= Problem to work on =
Beginning with the line containing "4. 背面のRESETボタン" and going on through the line containing "Gardena Såmaskin i", the lines below are to be returned exactly, pictures excluded and nothing added.

= Stored data entries =

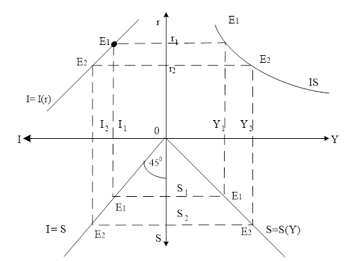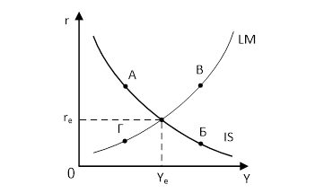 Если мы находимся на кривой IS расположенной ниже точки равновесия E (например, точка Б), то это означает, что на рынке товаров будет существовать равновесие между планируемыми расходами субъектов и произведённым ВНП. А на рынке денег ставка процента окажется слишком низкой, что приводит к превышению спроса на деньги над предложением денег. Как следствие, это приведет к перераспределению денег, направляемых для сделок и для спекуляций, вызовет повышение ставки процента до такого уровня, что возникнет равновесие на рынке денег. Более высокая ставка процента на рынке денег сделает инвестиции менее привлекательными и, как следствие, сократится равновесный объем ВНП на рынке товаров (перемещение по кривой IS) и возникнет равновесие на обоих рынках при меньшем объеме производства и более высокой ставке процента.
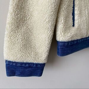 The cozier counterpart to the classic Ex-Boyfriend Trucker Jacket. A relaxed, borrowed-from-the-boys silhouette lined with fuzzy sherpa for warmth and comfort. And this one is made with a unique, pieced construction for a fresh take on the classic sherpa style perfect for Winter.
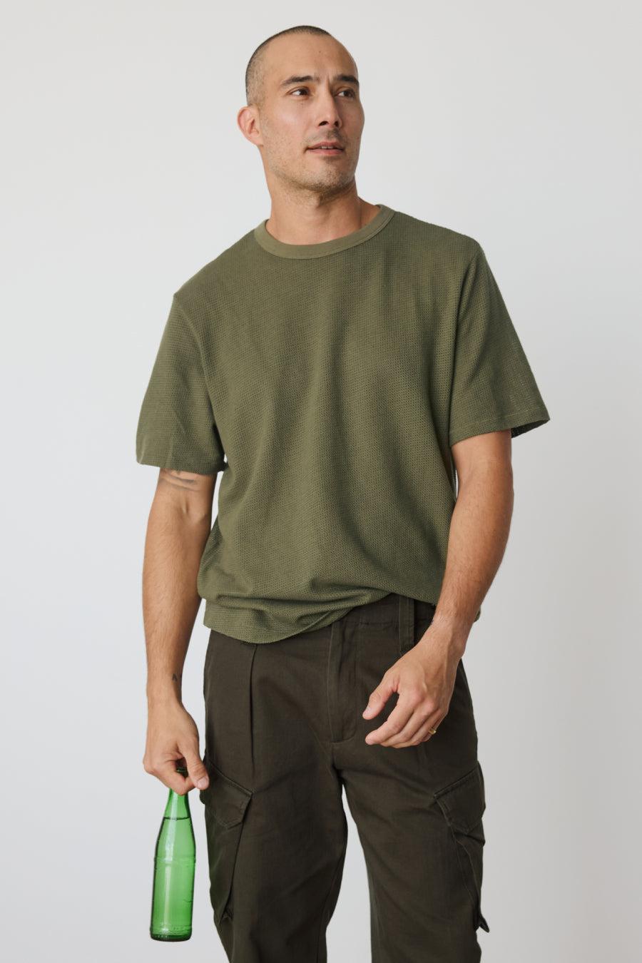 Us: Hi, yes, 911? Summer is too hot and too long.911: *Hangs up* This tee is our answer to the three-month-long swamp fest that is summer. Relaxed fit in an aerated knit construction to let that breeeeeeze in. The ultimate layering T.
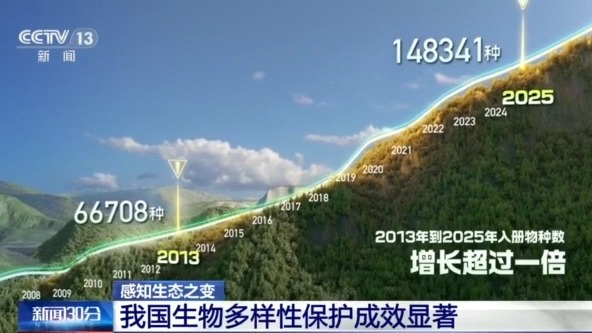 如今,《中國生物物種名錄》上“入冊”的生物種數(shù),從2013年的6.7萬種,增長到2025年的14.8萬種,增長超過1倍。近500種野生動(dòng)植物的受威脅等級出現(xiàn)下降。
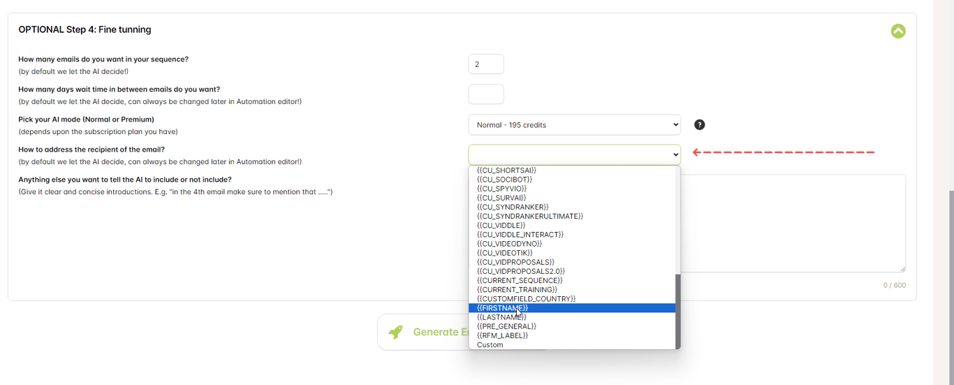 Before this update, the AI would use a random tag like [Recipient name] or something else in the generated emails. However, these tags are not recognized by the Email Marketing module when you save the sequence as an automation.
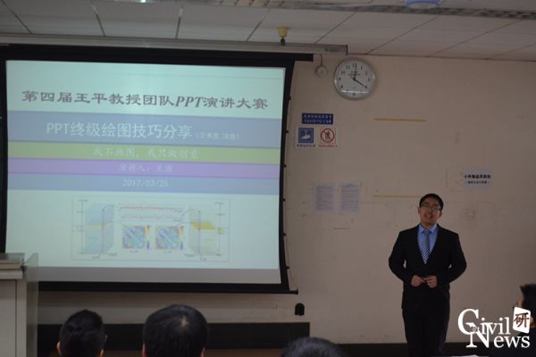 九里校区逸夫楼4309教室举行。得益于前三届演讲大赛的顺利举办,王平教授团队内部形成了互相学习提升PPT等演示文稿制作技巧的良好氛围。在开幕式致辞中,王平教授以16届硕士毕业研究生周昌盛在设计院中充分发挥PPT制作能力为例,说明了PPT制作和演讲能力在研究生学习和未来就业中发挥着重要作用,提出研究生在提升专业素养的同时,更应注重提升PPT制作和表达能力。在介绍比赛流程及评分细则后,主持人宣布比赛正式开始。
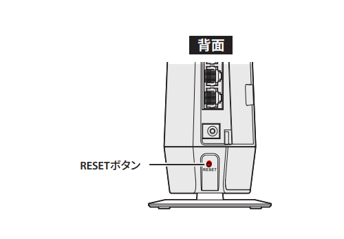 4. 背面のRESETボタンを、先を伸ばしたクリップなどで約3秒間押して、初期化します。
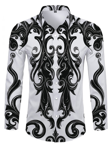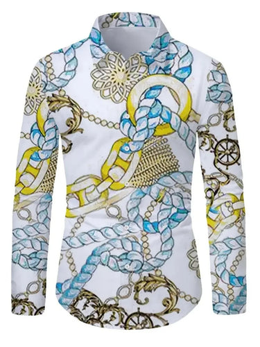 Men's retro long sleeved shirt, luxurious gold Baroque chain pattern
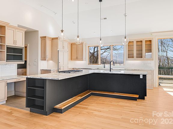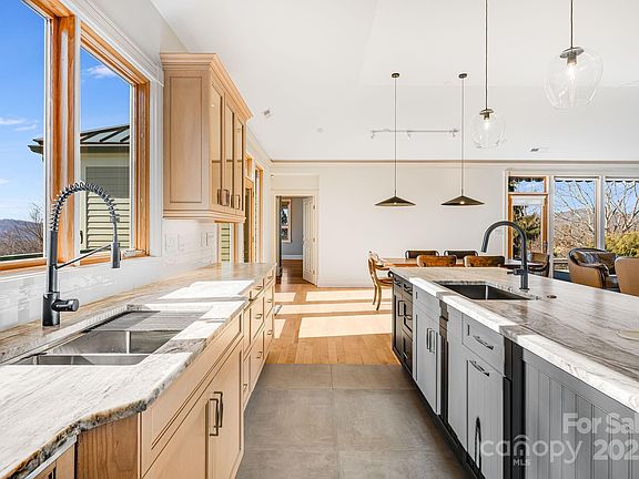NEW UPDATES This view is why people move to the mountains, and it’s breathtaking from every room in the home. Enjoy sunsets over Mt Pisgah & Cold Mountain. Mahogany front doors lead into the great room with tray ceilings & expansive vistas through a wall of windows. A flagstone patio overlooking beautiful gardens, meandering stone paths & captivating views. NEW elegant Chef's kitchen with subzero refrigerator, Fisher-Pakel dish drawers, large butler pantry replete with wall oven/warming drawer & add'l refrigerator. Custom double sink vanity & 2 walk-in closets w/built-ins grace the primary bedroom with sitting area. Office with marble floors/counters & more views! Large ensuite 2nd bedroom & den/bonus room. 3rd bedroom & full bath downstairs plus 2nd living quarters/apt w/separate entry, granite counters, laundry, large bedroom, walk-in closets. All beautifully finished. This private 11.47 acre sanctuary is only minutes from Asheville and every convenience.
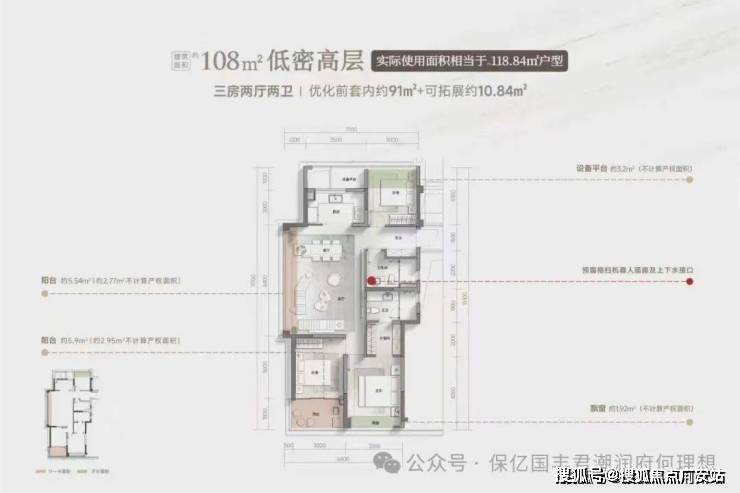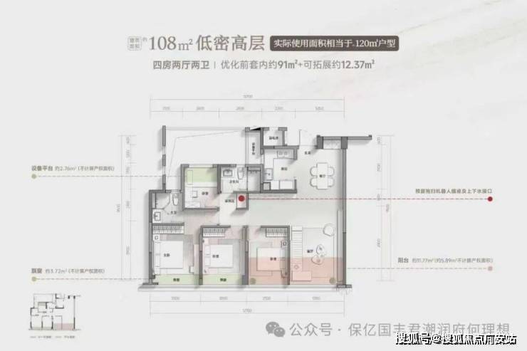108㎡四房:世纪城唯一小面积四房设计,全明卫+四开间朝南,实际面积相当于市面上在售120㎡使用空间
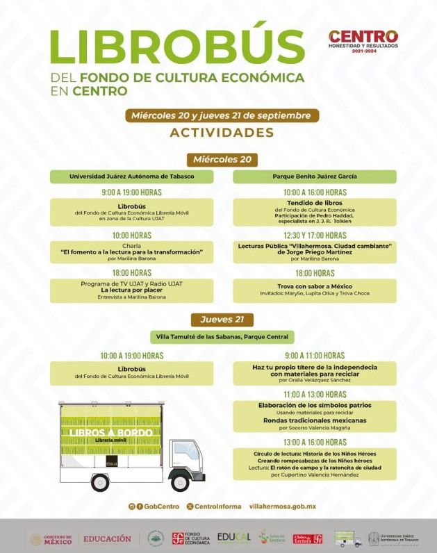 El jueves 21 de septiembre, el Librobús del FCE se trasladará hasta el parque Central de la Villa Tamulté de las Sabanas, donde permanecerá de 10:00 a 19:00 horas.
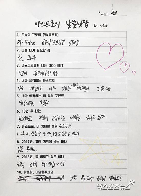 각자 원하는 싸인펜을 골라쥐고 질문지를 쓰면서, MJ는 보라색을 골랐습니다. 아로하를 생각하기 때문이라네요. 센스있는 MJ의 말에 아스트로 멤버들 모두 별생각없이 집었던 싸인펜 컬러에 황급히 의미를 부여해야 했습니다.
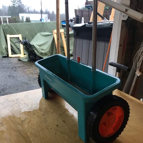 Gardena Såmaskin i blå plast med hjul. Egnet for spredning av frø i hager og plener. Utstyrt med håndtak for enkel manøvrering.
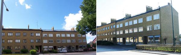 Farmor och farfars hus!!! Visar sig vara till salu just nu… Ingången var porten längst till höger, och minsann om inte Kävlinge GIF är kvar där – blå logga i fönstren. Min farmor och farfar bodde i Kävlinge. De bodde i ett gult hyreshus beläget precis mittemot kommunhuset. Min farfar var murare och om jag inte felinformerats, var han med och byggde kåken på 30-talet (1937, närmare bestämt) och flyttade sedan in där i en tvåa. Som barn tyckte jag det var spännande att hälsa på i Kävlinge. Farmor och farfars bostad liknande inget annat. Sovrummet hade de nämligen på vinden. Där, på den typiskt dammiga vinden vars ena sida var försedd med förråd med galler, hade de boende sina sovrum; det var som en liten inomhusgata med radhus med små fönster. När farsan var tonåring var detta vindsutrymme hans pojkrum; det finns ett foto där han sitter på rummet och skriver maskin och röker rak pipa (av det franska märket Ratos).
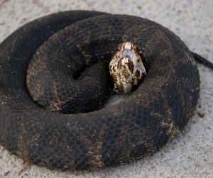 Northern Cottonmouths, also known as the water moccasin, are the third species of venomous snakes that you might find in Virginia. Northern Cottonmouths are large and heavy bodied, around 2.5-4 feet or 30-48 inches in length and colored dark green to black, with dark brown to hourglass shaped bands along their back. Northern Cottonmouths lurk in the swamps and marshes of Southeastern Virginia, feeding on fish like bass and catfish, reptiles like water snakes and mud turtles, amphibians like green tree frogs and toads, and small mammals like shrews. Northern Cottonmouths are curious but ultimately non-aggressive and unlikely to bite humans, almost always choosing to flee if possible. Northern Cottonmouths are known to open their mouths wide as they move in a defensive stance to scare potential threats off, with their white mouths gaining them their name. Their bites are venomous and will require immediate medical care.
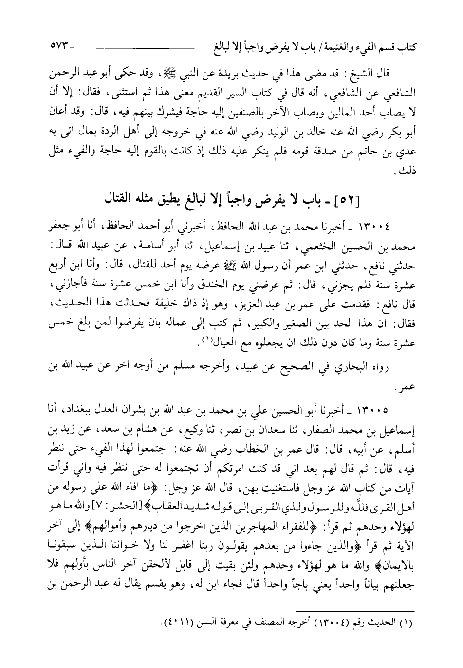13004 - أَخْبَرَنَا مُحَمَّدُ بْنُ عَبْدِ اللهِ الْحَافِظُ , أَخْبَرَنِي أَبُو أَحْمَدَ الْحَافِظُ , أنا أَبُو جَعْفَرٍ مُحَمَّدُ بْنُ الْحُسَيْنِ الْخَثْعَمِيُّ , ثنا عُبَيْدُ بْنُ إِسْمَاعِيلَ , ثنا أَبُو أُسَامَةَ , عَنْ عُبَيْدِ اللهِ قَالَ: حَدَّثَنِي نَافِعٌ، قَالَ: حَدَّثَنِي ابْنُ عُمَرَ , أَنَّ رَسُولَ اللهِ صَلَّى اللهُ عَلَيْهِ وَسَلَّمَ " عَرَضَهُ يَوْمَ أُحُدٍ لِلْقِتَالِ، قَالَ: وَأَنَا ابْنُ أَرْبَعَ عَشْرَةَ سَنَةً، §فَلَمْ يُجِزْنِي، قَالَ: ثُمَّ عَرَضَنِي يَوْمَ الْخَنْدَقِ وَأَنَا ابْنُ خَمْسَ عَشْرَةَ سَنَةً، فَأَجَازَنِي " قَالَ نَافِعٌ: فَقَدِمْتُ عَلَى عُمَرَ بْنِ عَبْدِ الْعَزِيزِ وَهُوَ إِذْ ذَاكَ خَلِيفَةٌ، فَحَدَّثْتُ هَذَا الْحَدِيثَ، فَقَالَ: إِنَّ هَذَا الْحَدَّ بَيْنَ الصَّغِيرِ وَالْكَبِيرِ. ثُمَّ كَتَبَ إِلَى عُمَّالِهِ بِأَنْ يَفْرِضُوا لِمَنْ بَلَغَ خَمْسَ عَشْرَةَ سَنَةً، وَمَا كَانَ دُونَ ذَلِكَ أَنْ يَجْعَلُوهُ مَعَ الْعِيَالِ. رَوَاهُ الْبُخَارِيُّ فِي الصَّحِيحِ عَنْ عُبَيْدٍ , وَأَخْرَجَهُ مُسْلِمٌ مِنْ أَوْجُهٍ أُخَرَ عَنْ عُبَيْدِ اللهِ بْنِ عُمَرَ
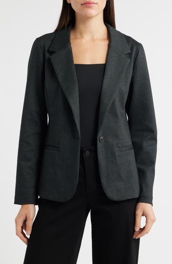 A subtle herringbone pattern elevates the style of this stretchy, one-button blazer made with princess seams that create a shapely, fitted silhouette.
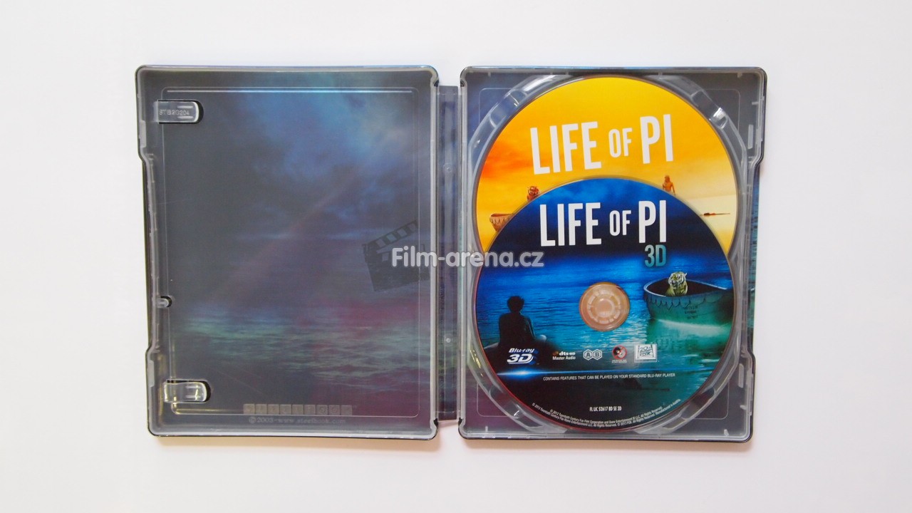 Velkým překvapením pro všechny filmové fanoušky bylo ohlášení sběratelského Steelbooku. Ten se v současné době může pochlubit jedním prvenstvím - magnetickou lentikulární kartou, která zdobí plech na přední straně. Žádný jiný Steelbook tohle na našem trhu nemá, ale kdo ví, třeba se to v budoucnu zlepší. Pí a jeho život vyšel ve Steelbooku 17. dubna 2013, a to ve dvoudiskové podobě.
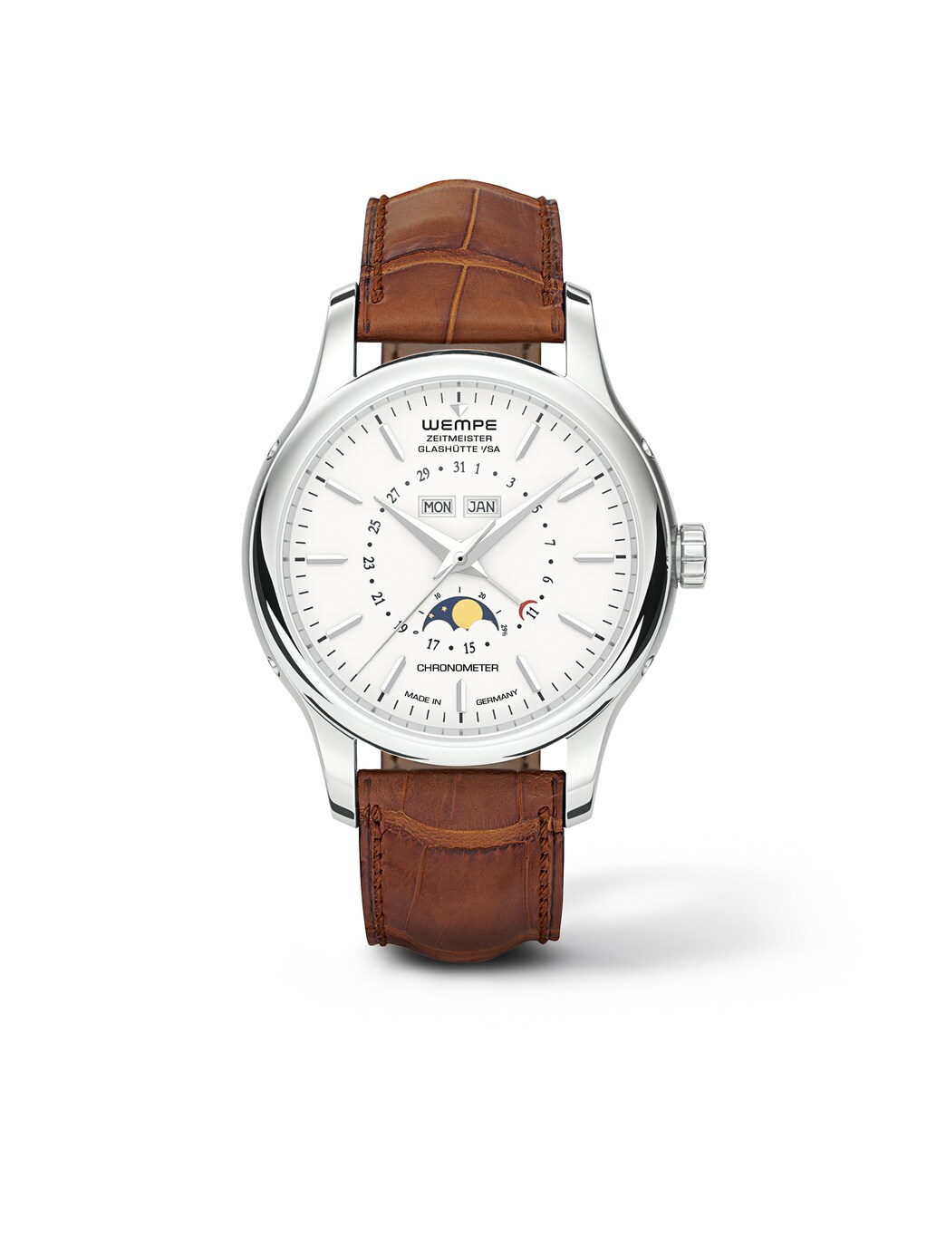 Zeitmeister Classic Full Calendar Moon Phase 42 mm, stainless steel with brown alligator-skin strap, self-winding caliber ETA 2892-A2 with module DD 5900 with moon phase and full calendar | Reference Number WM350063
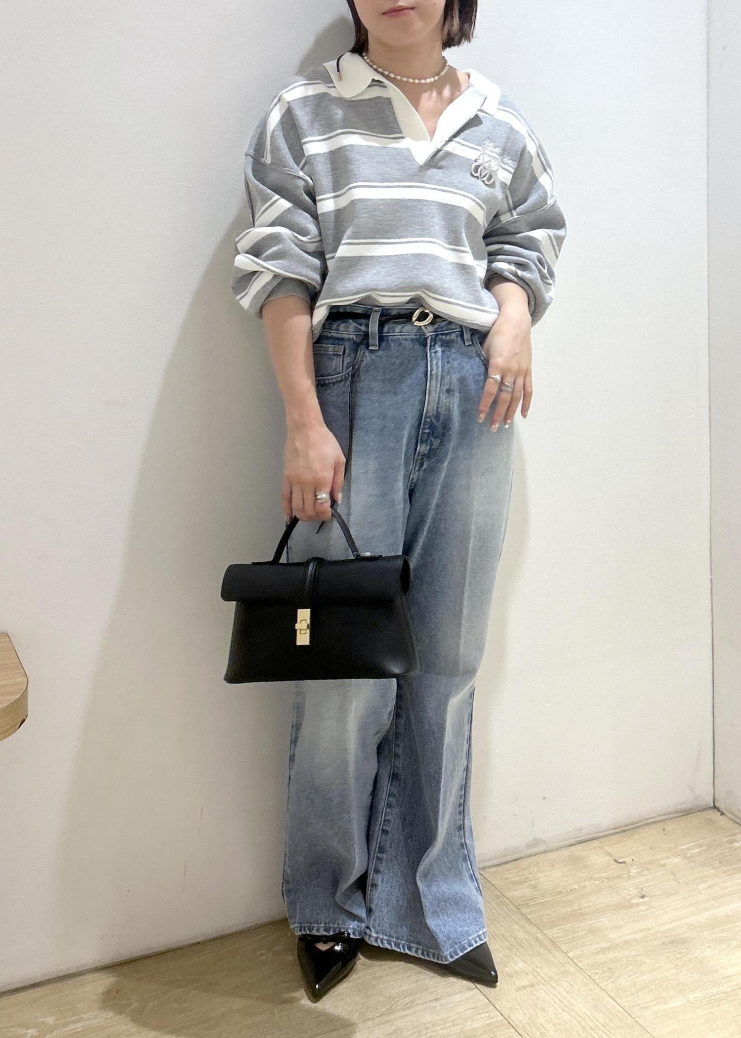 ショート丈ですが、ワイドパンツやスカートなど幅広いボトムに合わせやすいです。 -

= Solution to this exercise =
 4. 背面のRESETボタンを、先を伸ばしたクリップなどで約3秒間押して、初期化します。
 Men's retro long sleeved shirt, luxurious gold Baroque chain pattern
NEW UPDATES This view is why people move to the mountains, and it’s breathtaking from every room in the home. Enjoy sunsets over Mt Pisgah & Cold Mountain. Mahogany front doors lead into the great room with tray ceilings & expansive vistas through a wall of windows. A flagstone patio overlooking beautiful gardens, meandering stone paths & captivating views. NEW elegant Chef's kitchen with subzero refrigerator, Fisher-Pakel dish drawers, large butler pantry replete with wall oven/warming drawer & add'l refrigerator. Custom double sink vanity & 2 walk-in closets w/built-ins grace the primary bedroom with sitting area. Office with marble floors/counters & more views! Large ensuite 2nd bedroom & den/bonus room. 3rd bedroom & full bath downstairs plus 2nd living quarters/apt w/separate entry, granite counters, laundry, large bedroom, walk-in closets. All beautifully finished. This private 11.47 acre sanctuary is only minutes from Asheville and every convenience.
108㎡四房:世纪城唯一小面积四房设计,全明卫+四开间朝南,实际面积相当于市面上在售120㎡使用空间
 El jueves 21 de septiembre, el Librobús del FCE se trasladará hasta el parque Central de la Villa Tamulté de las Sabanas, donde permanecerá de 10:00 a 19:00 horas.
 각자 원하는 싸인펜을 골라쥐고 질문지를 쓰면서, MJ는 보라색을 골랐습니다. 아로하를 생각하기 때문이라네요. 센스있는 MJ의 말에 아스트로 멤버들 모두 별생각없이 집었던 싸인펜 컬러에 황급히 의미를 부여해야 했습니다.
 Gardena Såmaskin i blå plast med hjul. Egnet for spredning av frø i hager og plener. Utstyrt med håndtak for enkel manøvrering.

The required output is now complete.